How can I accurately sketch a complex graph with functions like 2x-⅜+¾e^-2x?

[Kajan thana]

Hi guys,

I need some help on sketching graph complex functions such as ( 2x-⅜+¾e^-2x).
Can someone please help me on sketching a graph like the one that I mentioned above. Is there any useful videos or website I can use. And please let me know if there are any good tips to get accurate graph.

I know the basics such find the y and x intercepts and the turning points. How would I able to recognise the general shape and if there is any asymptotes.

Thank you so much.

 

[FactChecker]

In examples like yours, look for divisions by zero and exponents of negative numbers, where the function would be undefined. The function may be asymptotic as x approaches those places.

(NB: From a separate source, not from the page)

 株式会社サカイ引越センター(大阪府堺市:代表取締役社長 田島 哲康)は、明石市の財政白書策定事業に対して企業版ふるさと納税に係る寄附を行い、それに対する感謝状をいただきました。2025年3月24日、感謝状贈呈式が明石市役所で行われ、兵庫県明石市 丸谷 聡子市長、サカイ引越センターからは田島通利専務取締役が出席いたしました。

In general, you may be able to piece together the behavior of simple parts and terms of the equation (exponentials, periodic trig functions, low order polynomials, etc.)

There is a limit of what you can do without plugging in numbers. If you want any accuracy at all, you will ultimately have to plug in numbers.

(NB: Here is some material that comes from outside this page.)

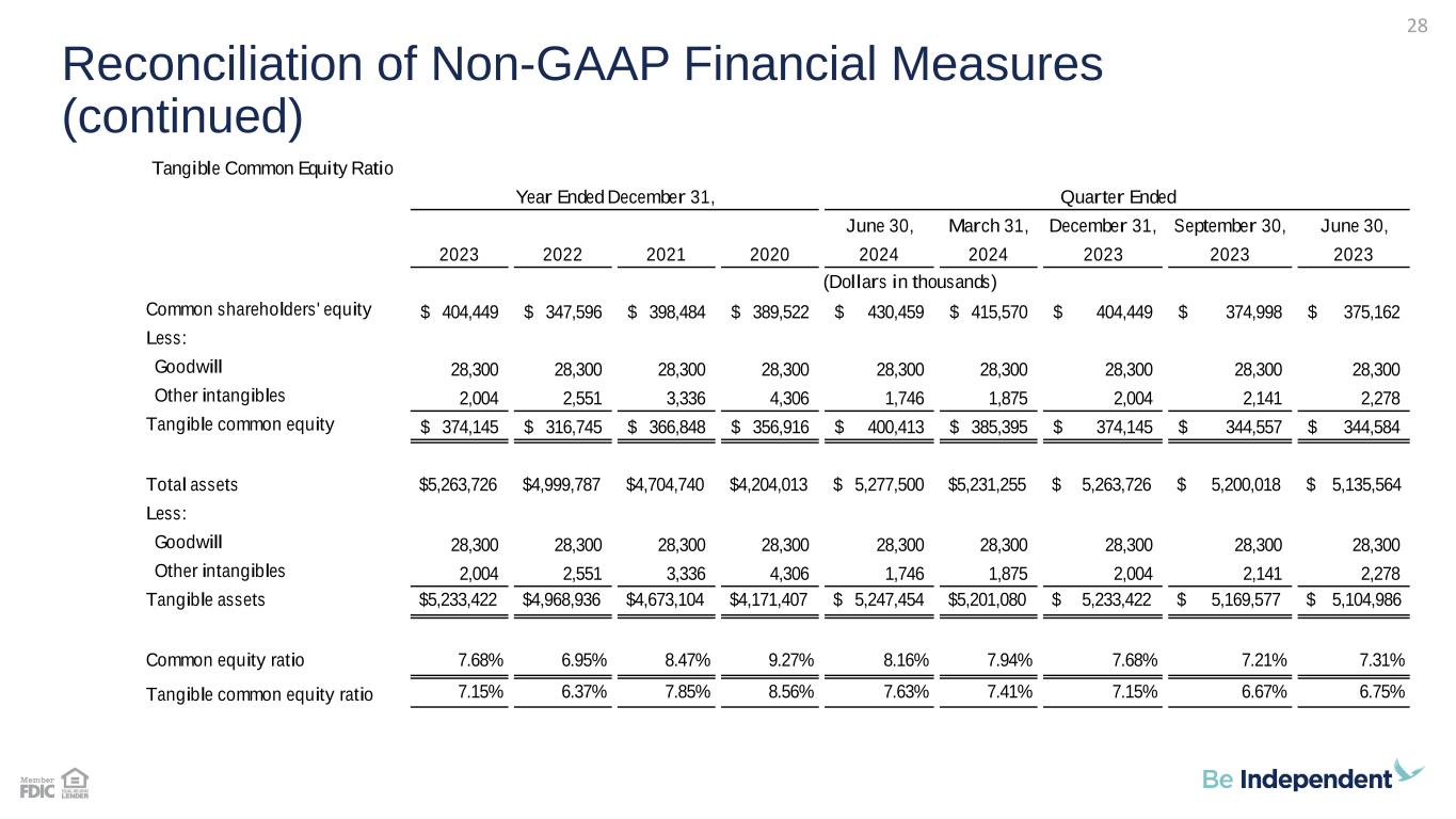 Reconciliation of Non-GAAP Financial Measures 27 Reconciliation of Non-GAAP Financial Measures 2024 2023 2024 2023 Net Interest Margin, Fully Taxable Equivalent ("FTE") Net interest income 41,346$ 38,350$ 81,543$ 76,791$ Add: taxable equivalent adjustment 175 232 355 520 Net interest income - taxable equivalent 41,521$ 38,582$ 81,898$ 77,311$ Net interest margin (GAAP) (1) 3.39% 3.23% 3.33% 3.26% Net interest margin (FTE) (1) 3.40% 3.24% 3.35% 3.28% (1) Quarter to date are annualized. Three Months Ended Six Months Ended June 30, June 30, (Dollars in thousands)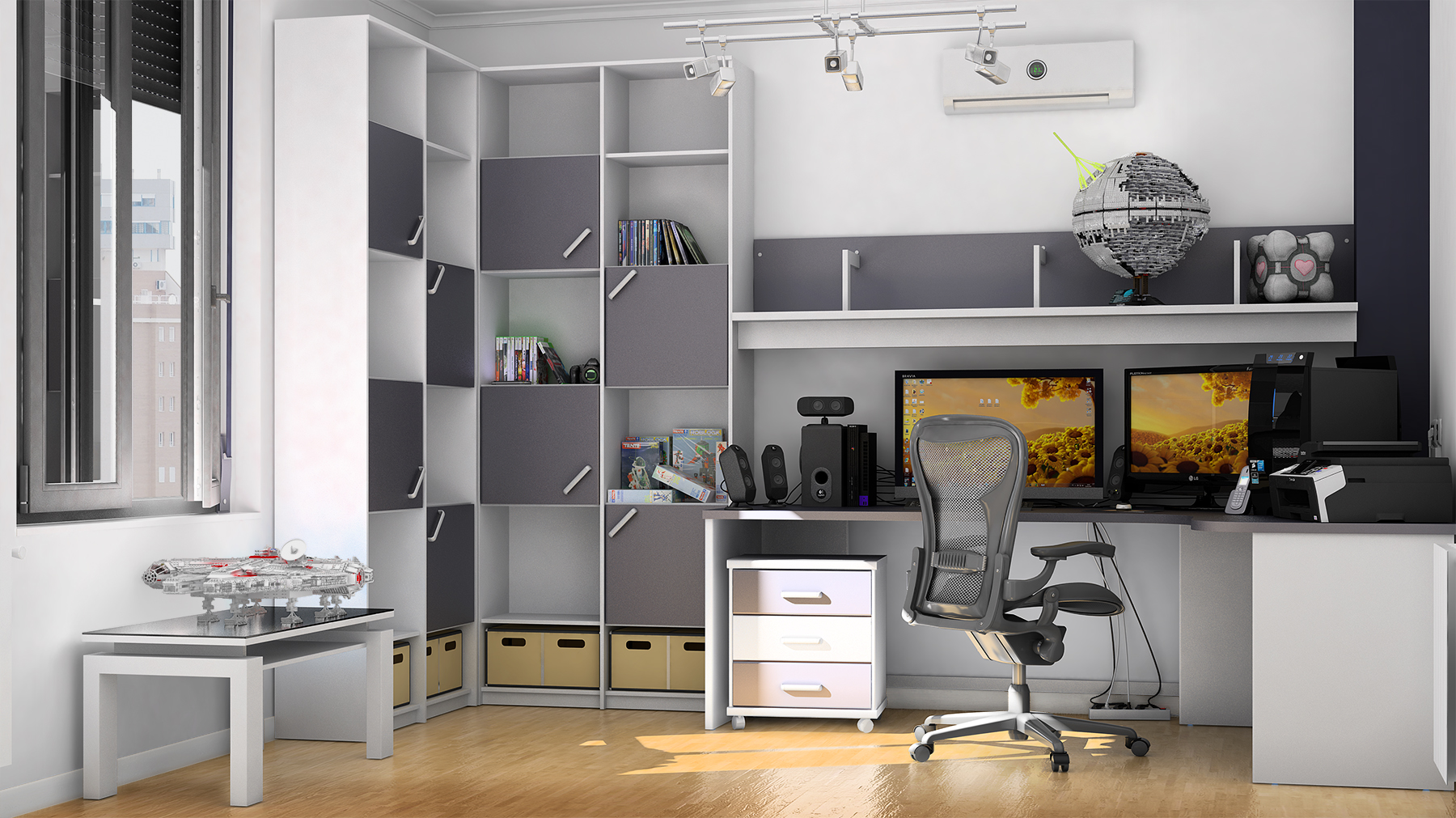 Qué gran trabajo, vaya envidia sana saber hacer estas cosas. Me encanta la habitación-oficina, con el alcón milenario, consola, esa silla, increíble.

EDIT: changed "negative exponents" to "exponents of negative numbers"

 

[Kajan thana]

In examples like yours, look for divisions by zero and negative exponents, where the function would be undefined. The function may be asymptotic as x approaches those places. In general, you may be able to piece together the behavior of simple parts and terms of the equation (exponentials, periodic trig functions, low order polynomials, etc.)

There is a limit of what you can do without plugging in numbers. If you want any accuracy at all, you will ultimately have to plug in numbers.

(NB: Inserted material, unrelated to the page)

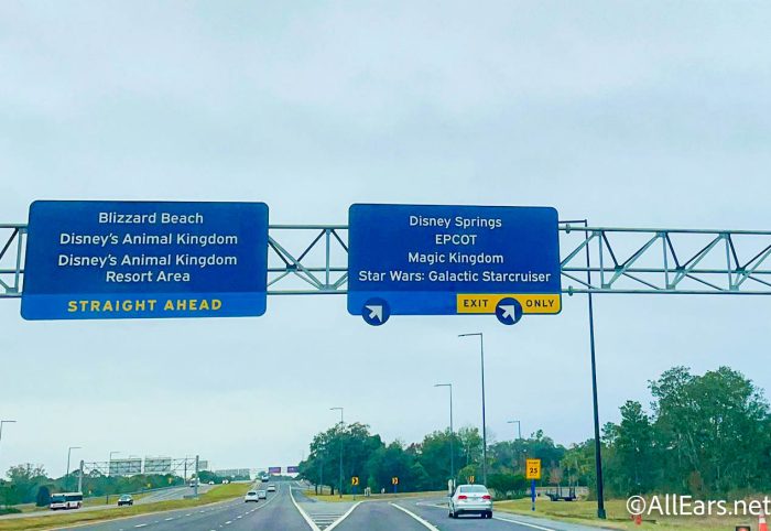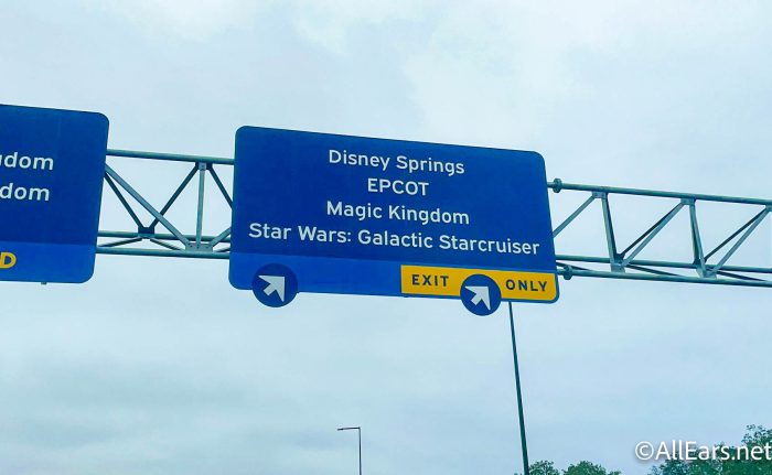 This exit was previously designated for Disney Springs, EPCOT, and Magic Kingdom, but now Star Wars: Galactic Starcruiser has joined the sign as well! The entrance to the hotel will be right around the corner.

So for the example above,( 2x-⅜+¾e^-2x), there is no asymptotes, am I right ?

 

[mfb]

$2x-\frac 3 8 + \frac 3 4 e^{-2x}$? If that is the correct interpretation, it doesn't have vertical asymptotes.

 

[Kajan thana]

$2x-\frac 3 8 + \frac 3 4 e^{-2x}$? If that is the correct interpretation, it doesn't have vertical asymptotes.

but if the value of x increase then e^-2x eventually be zero, but the ( 2x-3/8) will be there still[/QUOTE]

 

[mfb]

2x - 3/8 is a linear function, it does not have vertical asymptotes. It has a different asymptote, sure.

 

[Kajan thana]

2x - 3/8 is a linear function, it does not have vertical asymptotes. It has a different asymptote, sure.

So how do we determine if a function have a astmptotes

 

[mfb]

There is no general set of rules that works for every function (at least not until you get to Laurent series). Look at its components, see if some things converge to a fixed value, see what happens to the rest.